The evolution of biologicals started in the 1980s. Since then the rapidly evolving better understanding of biochemical and pathophysiological processes in the human body and progress in biologicals' development led to the arrival of more complex biologicals. In current medicine biologicals are essential treatment options for a variety of disease. The widespread use of these molecules, and the loss of patents enabled the advent of biosimilars of originator biologicals in 2006. This, on the one hand contributed the better access to therapies with biologicals but also led to an increased complexity when it comes to decision-making about the choice of medicines, interchangeability, switching, usage and monitoring of biologicals.
Hospital pharmacists have always accompanied and monitored these advancements of the therapeutic spectrum and contributed to the spread of knowledge about biologicals and debunking myths about biosimilars. Key topics in the field of biologicals are quality and safety-related aspects, clinical aspects and economics aspects. These three main topics will be addressed in the perspective of past developments, the present situation and future challenges.

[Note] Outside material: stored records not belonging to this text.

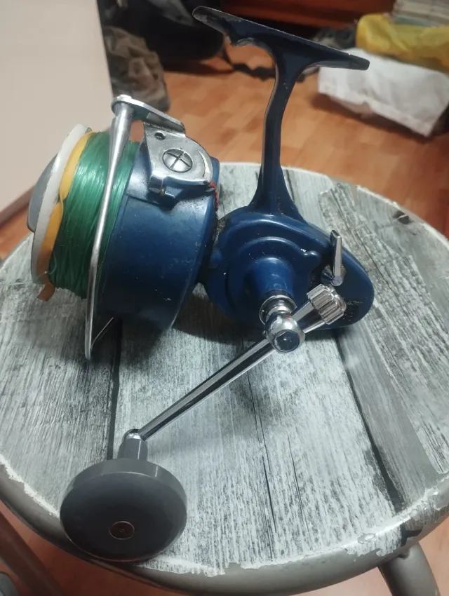 Carrete de pesca Mitchell 488. - Cuerpo azul. - Bobina con hilo verde y amarillo. - Manivela plateada con empuñadura gris.
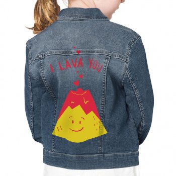 I Lava You Hooded Denim Jacket for Kids – Volcano Jean Jacket – Cute Quotes Denim Jacket for Kids
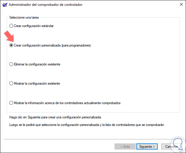 verifierEn la ventana desplegada activamos la casilla "Crear configuración personalizada". Será posible ejecutar Driver Verifier en varios controladores de forma simultánea o en un controlador a la vez. Allí pulsamos en "Siguiente"
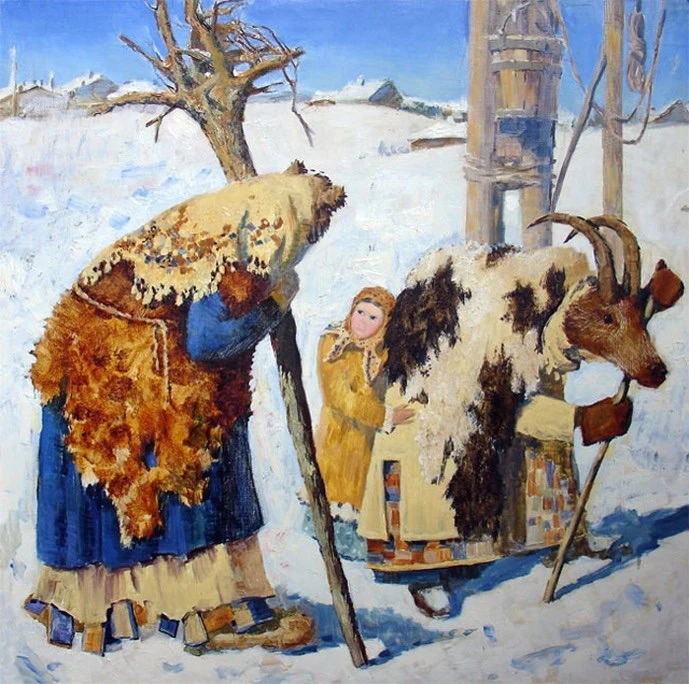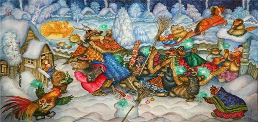На Руси в зимние вечера, когда совсем смеркнется, по домам ходила Коляда — в вывороченной шубе, со звериной маской на лице, с ухватом или палкой ⛄
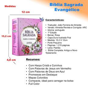 Tradução: João Ferreira de Almeida Versão: almeida Revista e Corrigida ARC Idioma: português Beiras: Rosa Capa Dura Ilustrada Poá, cor Full Color Letra Padrão Medidas: 15,2 x 12cm 1.215 páginas Porte Pequeno 1 Edição Com Harpa Cristã Sem Índice Lateral
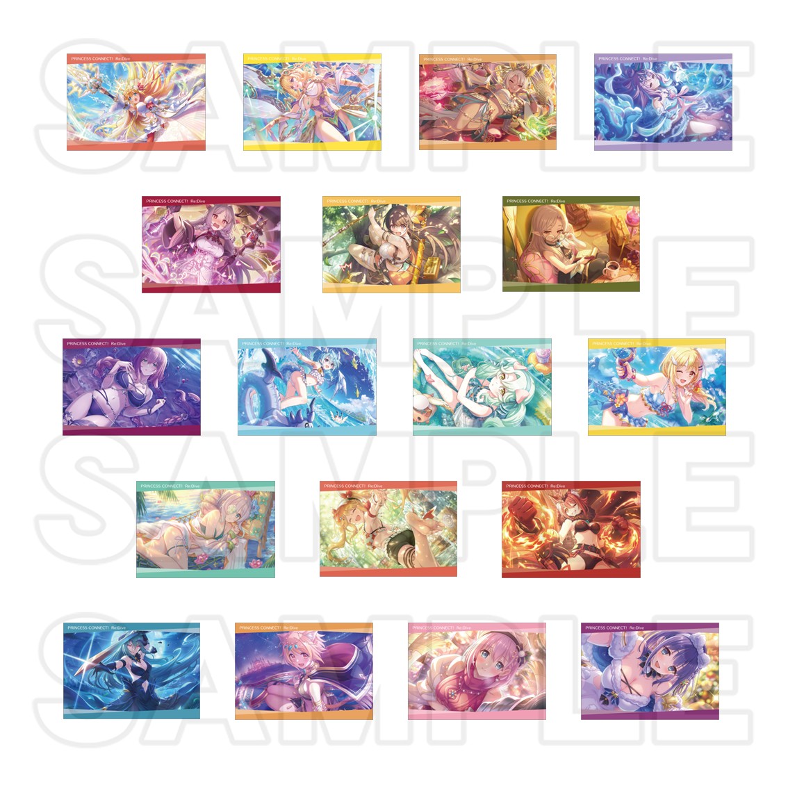 期間中、開催店舗にて『プリンセスコネクト!Re:Dive』関連のキャラクターグッズをご購入・ご予約内金1,100円(税込)毎に イラストカード(全18種) を1枚プレゼント!
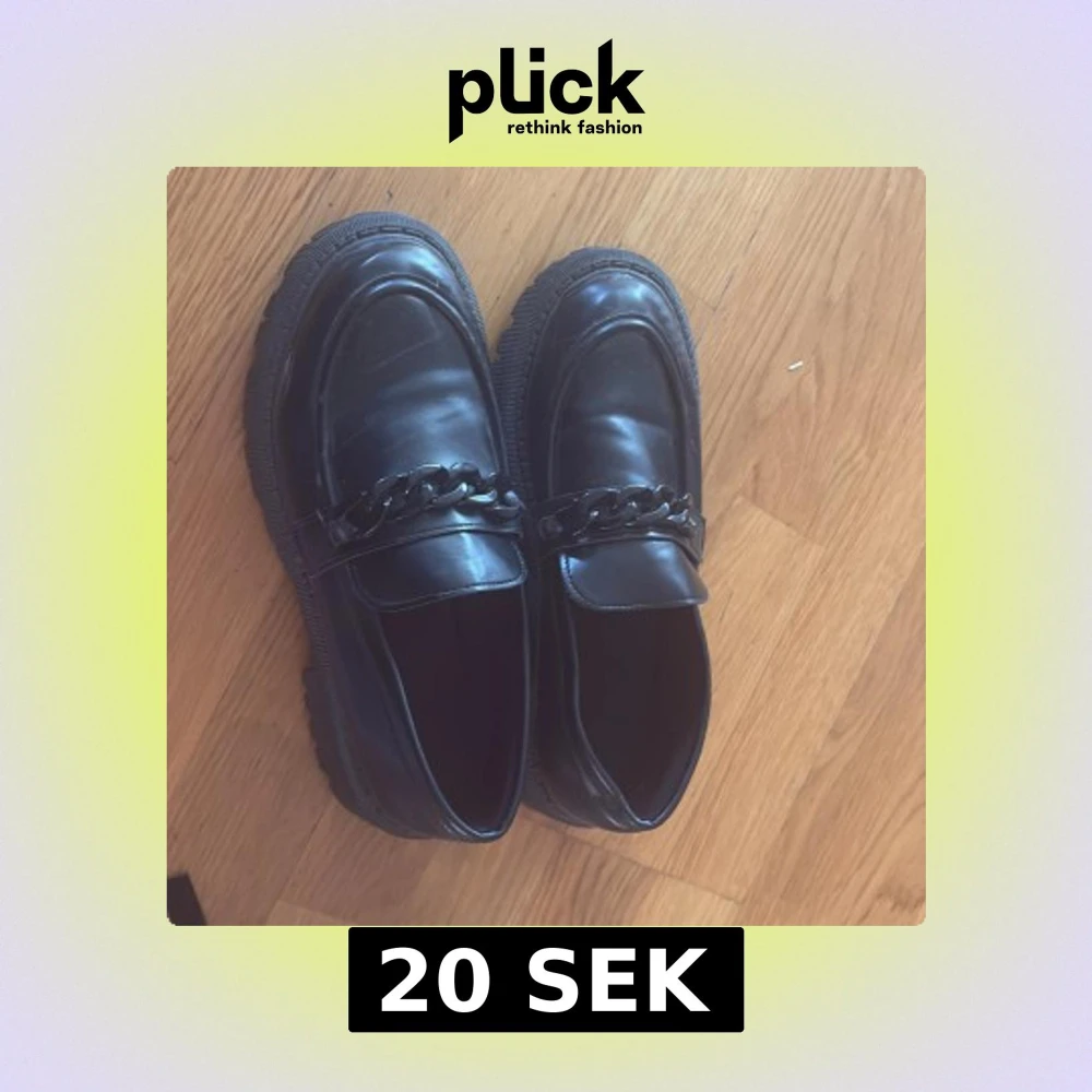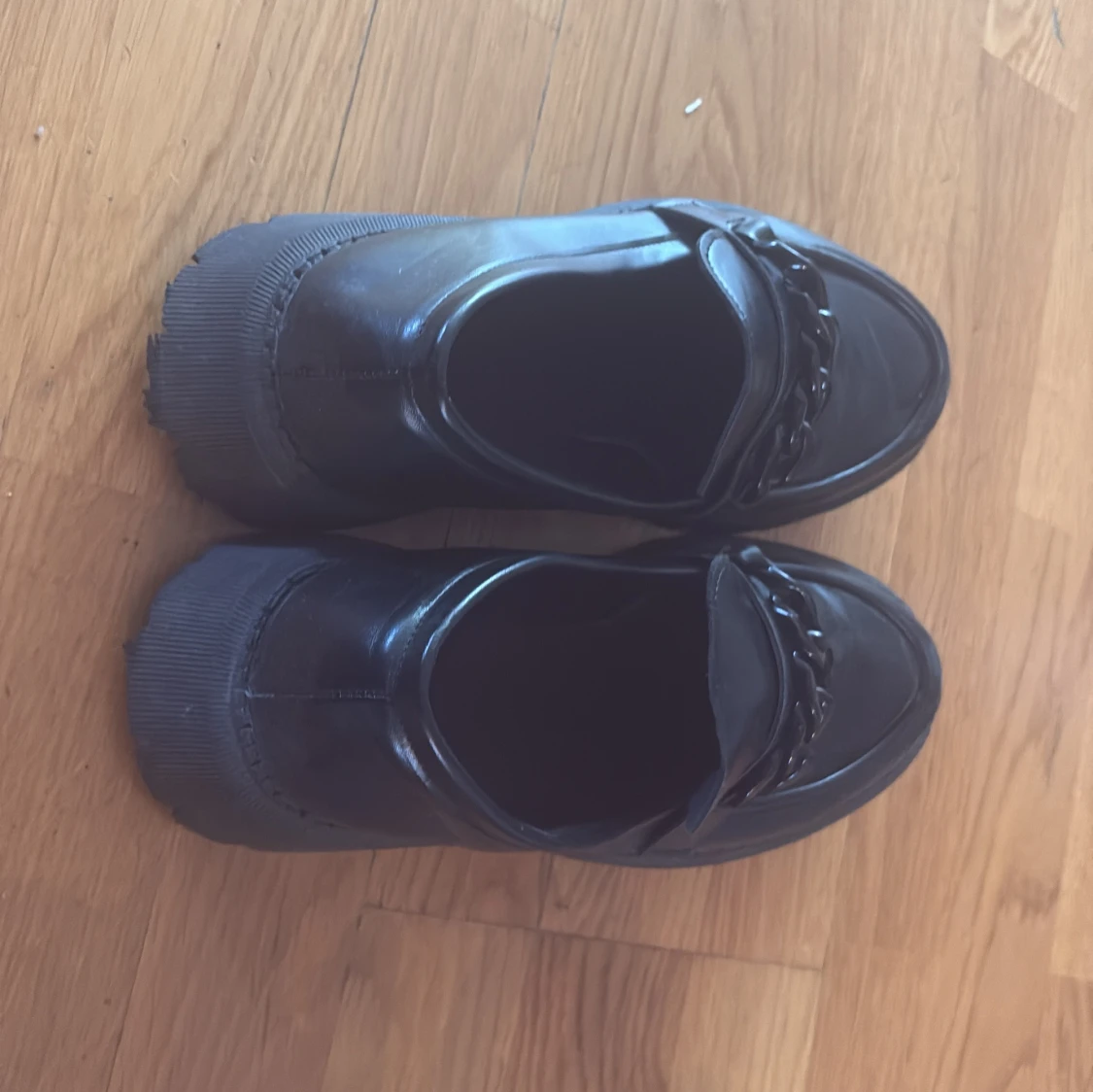 Snygga svarta loafers med chunky sula och cool kedjedetalj över foten. Skorna har rund tå och är tillverkade i glansigt syntetmaterial som ger en modern look. Perfekta för dig som vill sticka ut med din stil.
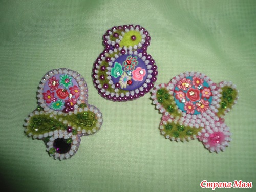 Это мои первые работы, после, я сшила еще несколько брошечек в том числе и детских.
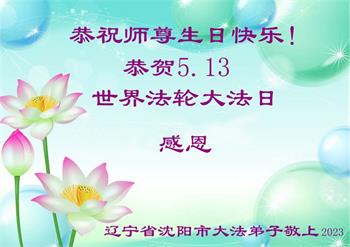 辽宁省沈阳全体大法弟子恭祝师尊生日快乐!普天同庆法轮大法洪传三十一周年!
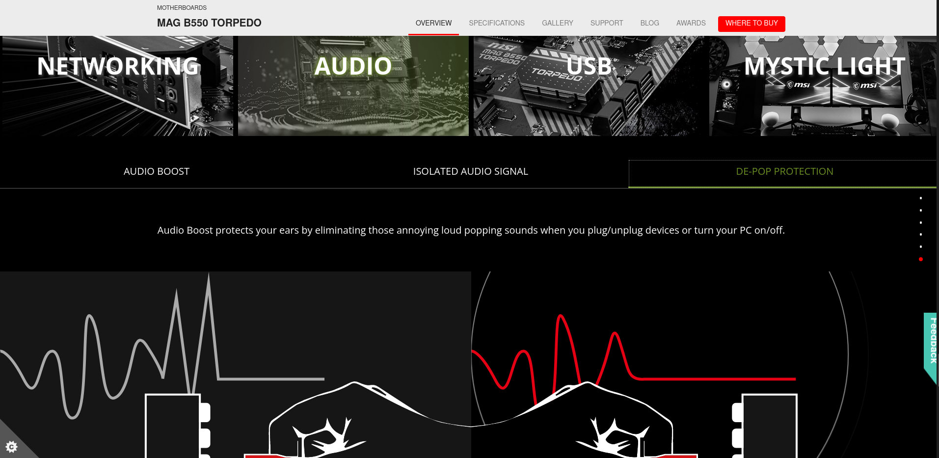 MSI bewirbt das Mainboard auf seiner Homepage damit, dass dank "Audio-Boost" und "De-Pop Protection" dieses Knistern nicht auftreten soll (Bild im Anhang). Mich würde daher interessieren, ob andere Besitzer dieses Mainboards, dasselbe Phänomen beobachten. Falls ja, würde ich davon ausgehen, dass ich das Knistern bisher einfach nur nicht wahrgenommen habe - wobei es mich ab jetzt ganz schön stört. Falls andere das Problem nicht haben, würde ich das Mainboard vielleicht beim Händler reklamieren.

After the synergy session, the participant should be able to:
Recall major quality criteria of biologicals;
Recap the biosimilar concept with regard to the development and authorization procedure;
List facts about the economic impact of originator biologics and biosimiliars and their influence with regard to equitable medicines access; and,
Outline the issues of switching and interchangeability of biologicals.
Educational need addressed As hospital pharmacists are responsible for selecting and assessing biologicals and biosimilars and monitoring their use, they need to have an in-depth understanding of key principles regarding quality, safety and efficacy.